Waldo Krugell, an economics professor at North-West University, said the two key drivers of the fuel price, the oil price and the rand-dollar exchange rate, point to a petrol and diesel price increase in November.

“The so-called under-recovery at the current price is small, and a lot can still happen to the oil price and the exchange rate.

“At current levels, the prediction is for a 14c per litre increase for 95 octane petrol and 0.05% diesel.”

Krugell added that what happens in the next two weeks will depend on the conflict in the Middle East.

“The oil price has eased after the attacks and retaliations that pushed up the price earlier this month.

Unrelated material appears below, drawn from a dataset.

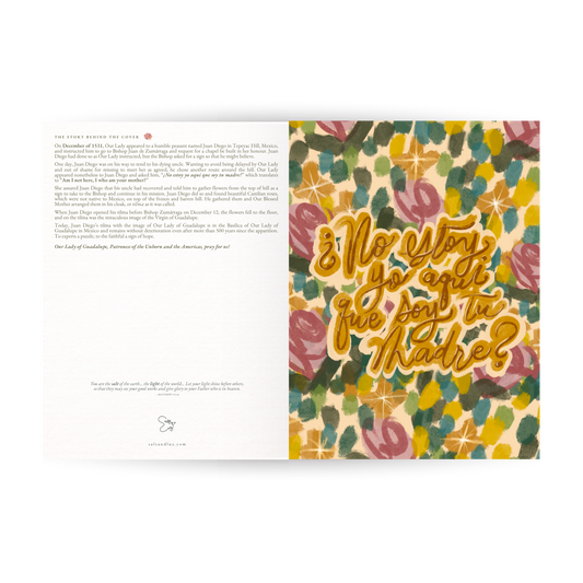 "¿No estoy yo aquí que soy tu Madre?" "Am I not here who am your Mother?" — Inspired the miraculous story and image of Our Lady of Guadalupe on the tilma of San Juan Diego.

The exchange rate will be influenced by Chinese Q3 economic growth data out later this week. The Finance Minister Enoch Godongwana’s Medium Term Budget Policy Statement (MTBPS) on 30 October will also have an influence.”

Old Mutual Group chief economist, Johann Els, said that the petrol price is currently under recovered because of the weaker rand and higher oil prices.

“Brent Crude oil is up from 71 dollars to 76 dollars a barrel, and the Rand is weaker from R17.20 to about R17.50, so there is a large under-recovery. The current data increase is around 13 cents a litre. If it had to continue, we could possibly be looking at an increase of R1 at the beginning of November.”

Els added that it was hoped that the Rand would strengthen and the Middle East conflict is contained, as that could change the outlook. “I wouldn’t be too concerned about the increase.

“We have had five consecutive decreases, and one increase won’t have a huge impact on inflation.”

Economist Dawie Roodt said that he expected a small increase in the petrol price in November.

“I think it could be 10 cents a litre. I feel the impact of the higher price of Brent Crude oil has not had as big an impact as we thought, so the increase will be minimal.

“However, we have to wait and see how things go in the last two weeks of October.”